Он не наседал на нее, как «годзилла»-тренер, не требовал невозможного, не рычал при неудачах.
— Ума, почему ты говоришь с акцентом?
— Акцентам?
Лин отсыхала душой и телом, радуясь передышке, — хорошо, что не пришлось сегодня бежать, прыгать в озеро, нестись вдоль бесконечной стены. Сегодня бегали другие — она, как пнутая нерадивым хозяином кошка, нежилась на солнышке.
— Не говоришь на нашем… моем языке.
— С ашипками? А-а-а… Я — манол. Мы всегда говорить свой язык. Так правильно. Каждый манол позна или рана находит путь в монастырь.
«Но я не Манол, я — обычная, — подумала Лин. — Но я здесь».
— Давай, делай кулаки.
Левая рука вперед, права, левая, снова правая. Получалось медленно и неуклюже, как тупая физическая разминка. Сложно представить, чтобы таким хлипким кулаком получилось кого-нибудь качественно ударить, но Белинда прилежно продолжала.
— Вы сегодня снова плавали в озере?
— Да. Каждый утра.
— Зачем?
— Закалять дух.
— И ты не мерзнешь?
— Мерзна. Знаю, что мерзна, но не чувствая.
— Чувствую.
Она поправляла его автоматически, не упрекая.
— А как я смогу выучить ваш язык без книг?
— Тишина. Она все рассказывать.
Он уже не впервые пытался ей объяснить, что тишина во время медитаций — инструмент волшебный: она объяснит язык Манолов, ответит на сложные вопросы, позволит шире и глубже познать мир. Лин верила и не верила. Если эта самая тишина столь чудодейственна, почему обычные люди не практикуют ее? Или же чудодейственно само место? Второе показалось ей наиболее вероятным. Может, кельи намолены? В них выстроены каналы связи со Вселенной?

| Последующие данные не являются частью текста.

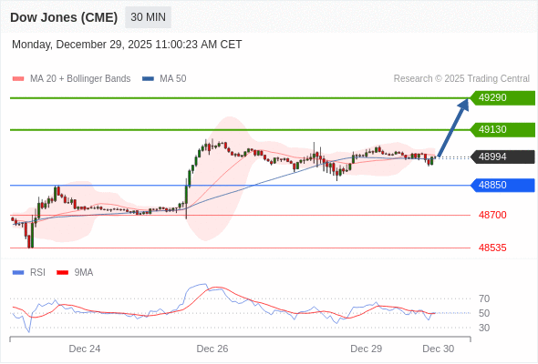 在 48850 之上,看涨,目标价位为 49130 ,然后为 49290 。

— Ты когда-нибудь слышал про Миру?
— Мир?
— Миру?
Он казался ей забавным — Ума. Открытым, очень честным, каким-то незащищенным изнутри — совсем без брони. Неужели не боится?
— Эта имя?
— Да.
— Не слышал.
Какое-то время он просто сидел с ней рядом, сложив руки на согнутые колени. Жевал травинку, смотрел вдаль — желтоватая, но здоровая на вид кожа, черные глаза, четко очерченные губы, тонкая переносица. Его волосы блестели на солнце куда ярче, чем сияли бы ее. Будь ее волосы длинными. Ума, вероятно, был по-своему привлекателен, но Лин по непонятной ей самой причине не воспринимала его мужчиной. Другом — да. Кем-то, с кем можно лечь в постель? Нет, никогда.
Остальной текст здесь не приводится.